### [What you need to do]
Return exactly the lines below, starting with the one that has "Sabah'tan Barış Şimşek'in" and going on through the one that has "Keywords: suede jacket, belted".

### [Excerpted records]
------------------------

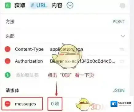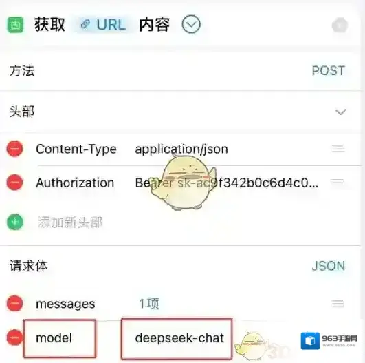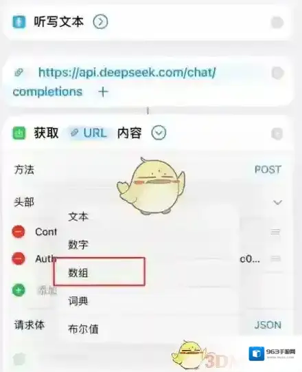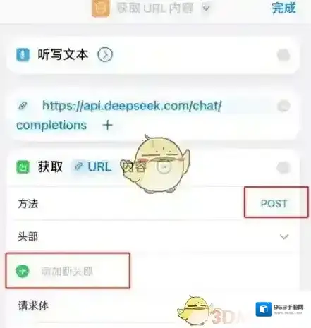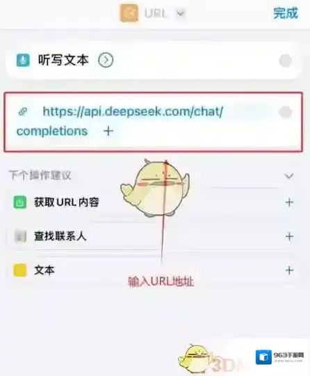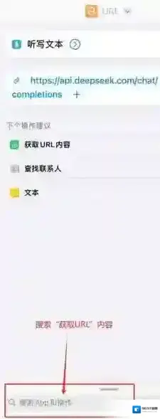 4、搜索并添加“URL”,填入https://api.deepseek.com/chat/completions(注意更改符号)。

------------------------

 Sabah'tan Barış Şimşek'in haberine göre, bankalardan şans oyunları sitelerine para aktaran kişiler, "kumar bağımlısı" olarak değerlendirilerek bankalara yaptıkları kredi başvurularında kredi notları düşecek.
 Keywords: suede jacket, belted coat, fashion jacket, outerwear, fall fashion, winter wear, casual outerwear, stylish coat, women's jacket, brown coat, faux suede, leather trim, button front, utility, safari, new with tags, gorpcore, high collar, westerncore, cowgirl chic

------------------------

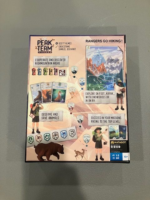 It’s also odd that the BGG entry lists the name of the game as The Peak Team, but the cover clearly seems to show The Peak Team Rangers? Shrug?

------------------------

### [Output of the task]
 Sabah'tan Barış Şimşek'in haberine göre, bankalardan şans oyunları sitelerine para aktaran kişiler, "kumar bağımlısı" olarak değerlendirilerek bankalara yaptıkları kredi başvurularında kredi notları düşecek.
 Keywords: suede jacket, belted coat, fashion jacket, outerwear, fall fashion, winter wear, casual outerwear, stylish coat, women's jacket, brown coat, faux suede, leather trim, button front, utility, safari, new with tags, gorpcore, high collar, westerncore, cowgirl chic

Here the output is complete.